> **Problem**:
Go to the line with "Here is the" in the records below, then output it and each following line exactly, up to and including the line with "Fox Sterlingworth 12". Skip pictures and add nothing.

---------- Task input

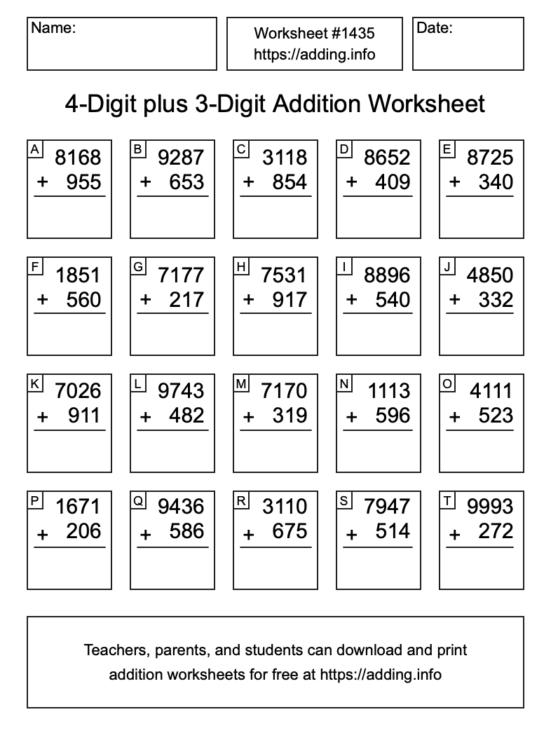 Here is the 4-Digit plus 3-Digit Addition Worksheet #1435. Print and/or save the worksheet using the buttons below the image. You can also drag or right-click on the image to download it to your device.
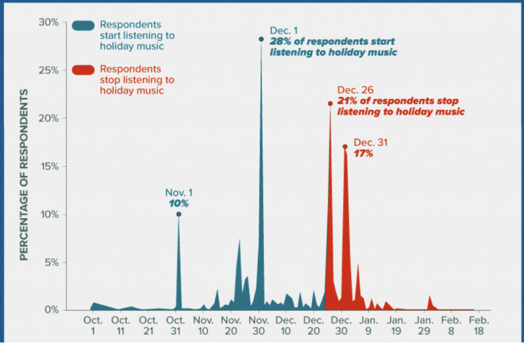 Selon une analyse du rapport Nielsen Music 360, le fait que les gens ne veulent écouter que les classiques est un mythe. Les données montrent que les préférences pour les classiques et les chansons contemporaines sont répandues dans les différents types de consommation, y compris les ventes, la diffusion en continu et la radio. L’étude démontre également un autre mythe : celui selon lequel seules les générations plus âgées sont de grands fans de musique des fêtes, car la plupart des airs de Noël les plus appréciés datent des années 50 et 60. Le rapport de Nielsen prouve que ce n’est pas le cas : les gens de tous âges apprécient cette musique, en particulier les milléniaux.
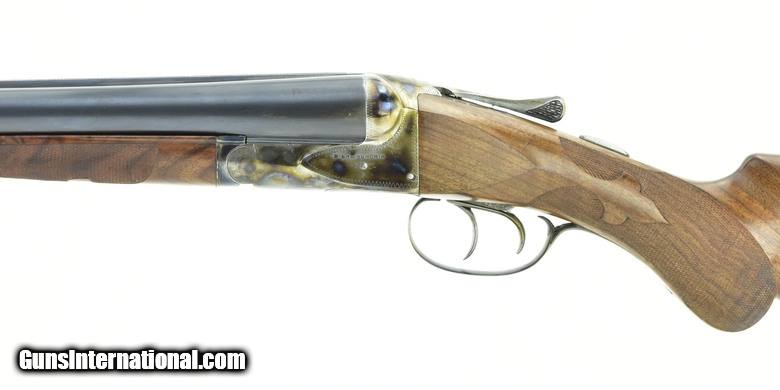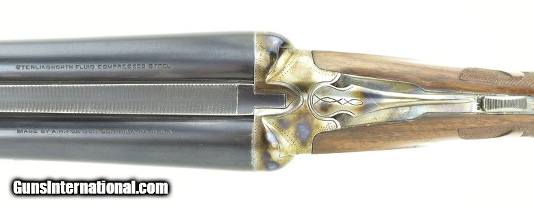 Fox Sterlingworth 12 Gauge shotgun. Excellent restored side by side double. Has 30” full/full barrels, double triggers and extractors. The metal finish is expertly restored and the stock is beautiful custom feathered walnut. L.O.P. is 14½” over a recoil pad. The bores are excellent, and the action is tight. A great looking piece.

--------------------
---------- Task input

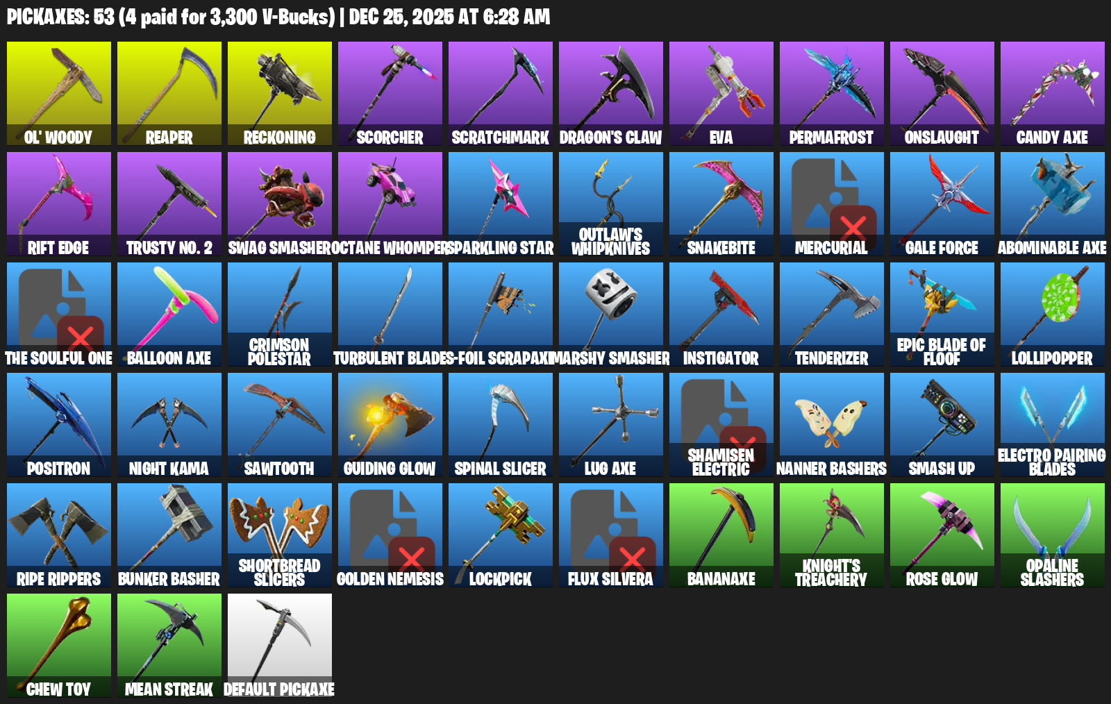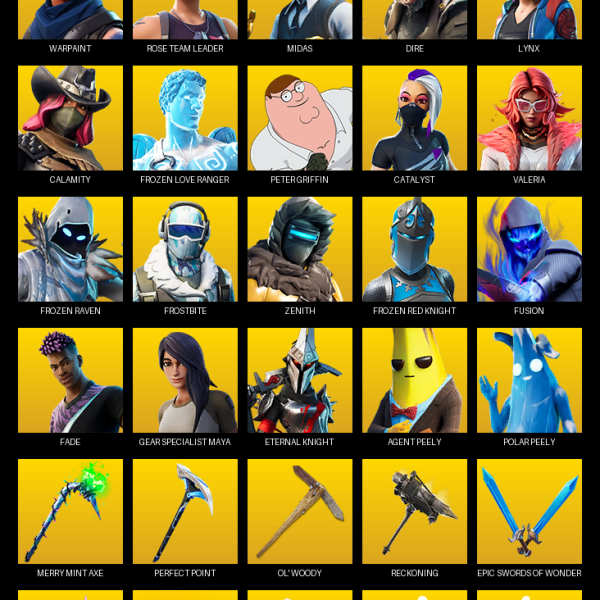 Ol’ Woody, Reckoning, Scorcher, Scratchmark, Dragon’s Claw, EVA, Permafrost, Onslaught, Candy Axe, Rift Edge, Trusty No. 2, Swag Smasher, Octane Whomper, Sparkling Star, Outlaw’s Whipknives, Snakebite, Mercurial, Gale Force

--------------------

> **Output of the task**:
 Here is the 4-Digit plus 3-Digit Addition Worksheet #1435. Print and/or save the worksheet using the buttons below the image. You can also drag or right-click on the image to download it to your device.
 Selon une analyse du rapport Nielsen Music 360, le fait que les gens ne veulent écouter que les classiques est un mythe. Les données montrent que les préférences pour les classiques et les chansons contemporaines sont répandues dans les différents types de consommation, y compris les ventes, la diffusion en continu et la radio. L’étude démontre également un autre mythe : celui selon lequel seules les générations plus âgées sont de grands fans de musique des fêtes, car la plupart des airs de Noël les plus appréciés datent des années 50 et 60. Le rapport de Nielsen prouve que ce n’est pas le cas : les gens de tous âges apprécient cette musique, en particulier les milléniaux.
 Fox Sterlingworth 12 Gauge shotgun. Excellent restored side by side double. Has 30” full/full barrels, double triggers and extractors. The metal finish is expertly restored and the stock is beautiful custom feathered walnut. L.O.P. is 14½” over a recoil pad. The bores are excellent, and the action is tight. A great looking piece.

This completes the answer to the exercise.